Every one of these observations turned out to be false. Rather described the government of Hafizullah Amin as a “Moscow-installed puppet regime in Kabul.” But Amin had closer ties to the CIA than the KGB. Rather called the mujahedin “Afghan freedom fighters … in a  patriotic fight for home and hearth.” The mujahedin were scarcely fighting for freedom, in any sense Rather would have been comfortable with, but to impose one of the most repressive brands of Islamic fundamentalism known to the world, barbarous, ignorant and notably cruel to women.

It was a “fact,” Rather announced, that the Soviets had used chemical weapons against Afghan villagers … [and] that the mujahedin were severely underequipped, doing their best with Kalashnikov rifles taken from dead Soviet soldiers. In fact the mujahedin were well-equipped recipients of CIA-furnished weapons in the most expensive covert war the Agency had ever mounted. They did carry Soviet weapons, but they came courtesy of the CIA. Rather also showed news footage he claimed was of Soviet bombers strafing defenseless Afghan villages. This was staged, with the “Soviet bomber” actually a Pakistani air force plane on a training mission over northwest Pakistan.

CBS claimed to have discovered in Soviet-bombed areas stuffed animals filled with Soviet explosives, designed to blow Afghan children to bits.3 These booby-trapped toys had in fact been manufactured by the mujahedin for the exclusive purpose of gulling CBS News, as an entertaining article in the New York Post later made clear.

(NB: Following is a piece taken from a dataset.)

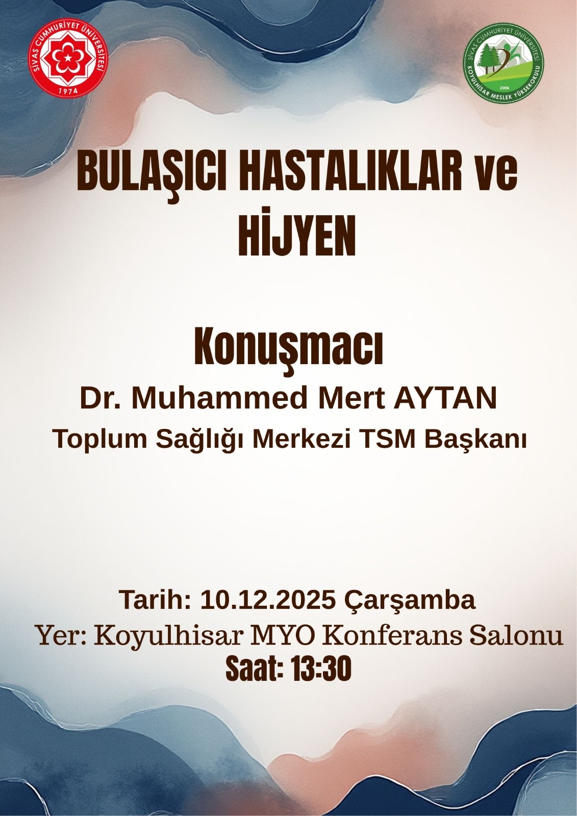 10.12.2025 tarihinde saat 13:30 da Okulumuz Konferans Salonu'nda, Koyulhisar Toplum Sağlığı Merkezi tarafından Meslek Yüksekokulumuz öğrencilerine yönelik ‘Bulaşıcı Hastalıklar ve Hijyen’ konulu konferans düzenlenecektir. Konferansa konuşmacı olarak Toplum Sağlığı Merkezi TSM Başkanı Dr. Muhammed Mert AYTAN katılım sağlayacaktır. Konferansa katılım sağlayacak konuşmacı Dr. Muhammed Mert AYTAN, tüm öğrencilerimiz, çalışma arkadaşlarımız ve akademik personelimize şimdiden teşekkür ederiz.

Rather made his heroically filmed way to Yunas Khalis, described as the leader of the Afghan warriors. In tones of awe he normally reserves for hurricanes in the Gulf of Mexico, Rather recalls in his book, The Camera Never Blinks Twice, “Belief in ‘right’ makes ‘might’ may have been fading in other parts of the world. In Afghanistan it was alive and well, and beating the Soviets.” Khalis was a ruthless butcher, with his troops fondly boasting of their slaughter of 700 prisoners of war. He spent most of his time fighting, but the wars were not primarily with the Soviets. Instead, Khalis battled other Afghan rebel groups, the object of the conflicts being control of poppy fields and the roads and trails from them to his seven heroin labs near his headquarters in the town of Ribat al Ali. Sixty percent of Afghanistan’s opium crop was cultivated in the Helmand Valley, with an irrigation infrastructure underwritten by USAID.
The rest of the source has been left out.